Lockhart plays Quincy Davis, an English teacher who has a good job at a school in the white suburbs, but is offered a vice principal job at an inner-city school.

When Quincy arrives to the campus he soon finds out it's a different world. The school has plenty of issues, but the biggest are its out-of-control students. It's no wonder the principal, Boyd Wilkinson (John McLiam) runs the place like a prison.

He hopes that Quincy (Lockhart) will come in, turn things around and keep the peace especially now since white students are being bused to the school. That's a real tall order.

Tensions continue to escalate when a white student (Patricia Stich) is threatened and nearly raped in the locker room. Another student, Douglas (Bridges) is humiliated and beaten almost daily by a group of thugs led by J.T. Watson (James A. Watson Jr.).

Is there anything that can bring these students together and squash their hostility and hatred toward each other? You'll be surprised.

As an entertainment writer, I've met and interviewed tons of actors over the years, but I never met Calvin Lockhart. I wish I had. He was an enormously talented actor. His style and onscreen charisma is admired and emulated by many actors even today.

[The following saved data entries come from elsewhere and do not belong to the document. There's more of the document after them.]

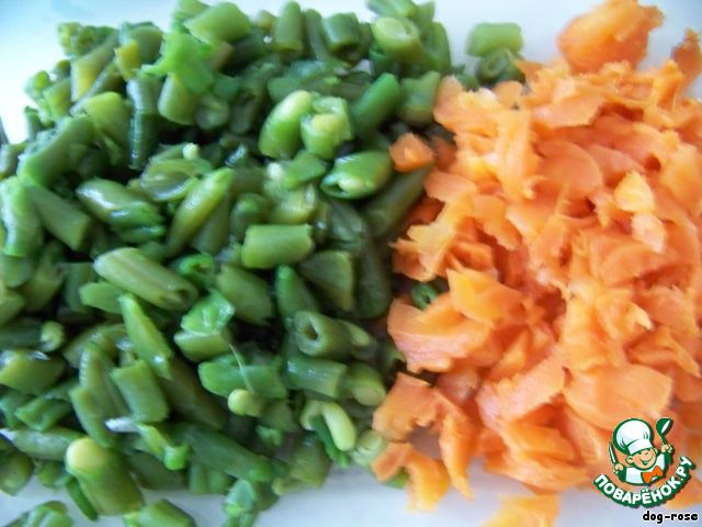 Замороженную фасоль бросаем в кипяток, отвариваем минут 10, сливаем воду и охлаждаем. Затем режем.
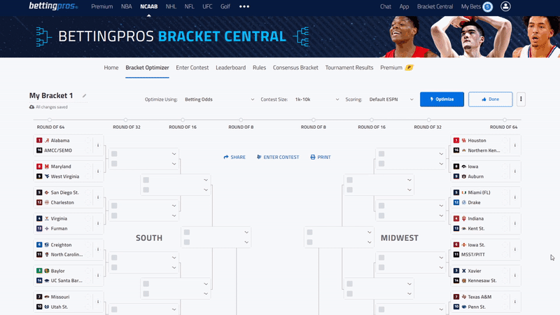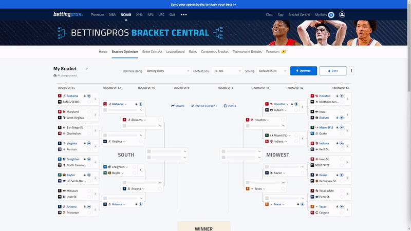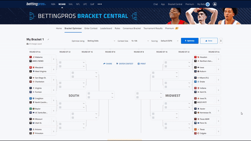 Bracket Central, including the Bracket Optimizer and the Bracket Contest, are available on BettingPros.com and on our mobile apps, now!
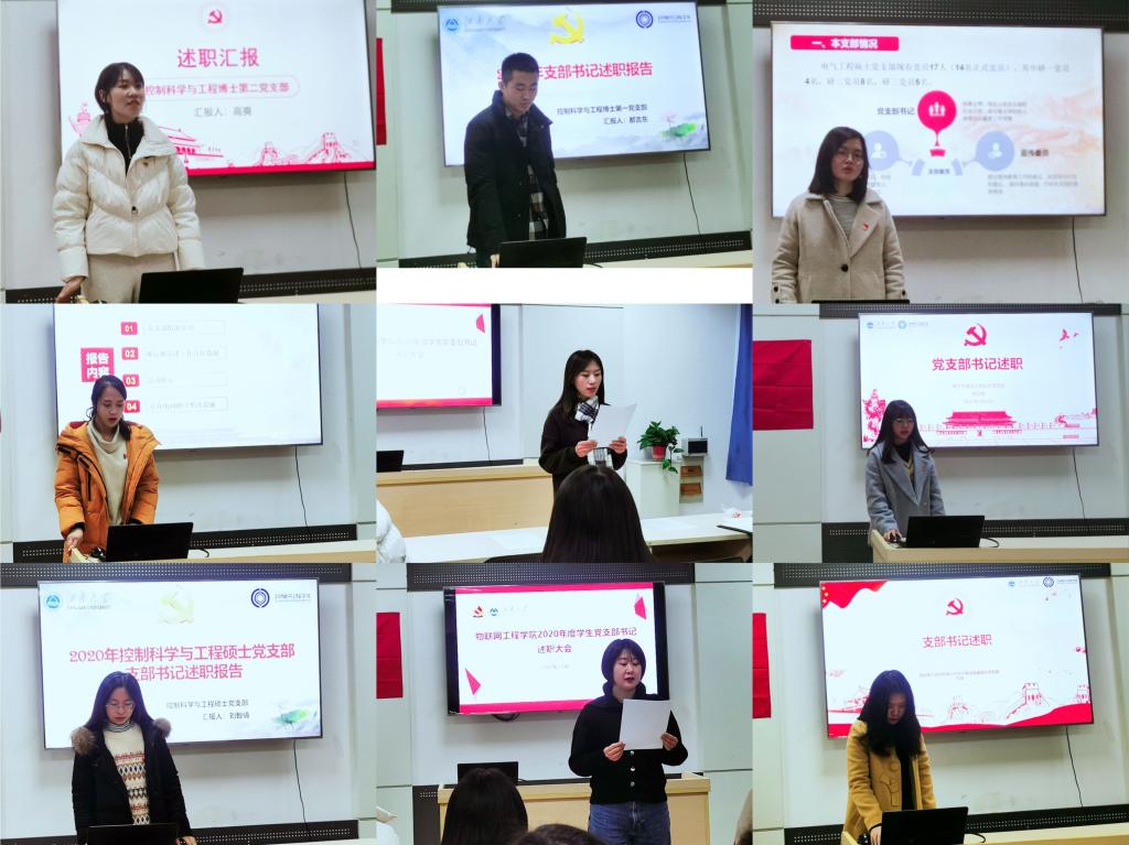 为深入学习贯彻习近平新时代中国特色社会主义思想和党的十九届五中全会精神,严格落实党要管党、全面从严治党要求,进一步强化基层党组织书记党建工作“第一责任人”意识,推动学院各项工作高质量发展,ok138cn太阳集团529党委于2021年1月8日、1月13日在学院B222、C121会议室分别召开了2020年度教职工、学生党支部书记抓党建述职考核大会,16位党支部书记进行了现场述职。学院党委委员、师生党支部书记及师生代表等参加了会议。

The late, rapper Christopher Wallace loved Lockhart's swagger so much he "adopted" Lockhart's character name "Biggie Smalls" from the movie, "Let's Do It Again" until a lawsuit came about demanding Wallace change the name to Notorious B.I.G.

Fortunately, Lockhart has left his fans with an impressive body of work. "Halls of Anger" is a real gem that tops my list among the many outstanding black movies from the 1970s.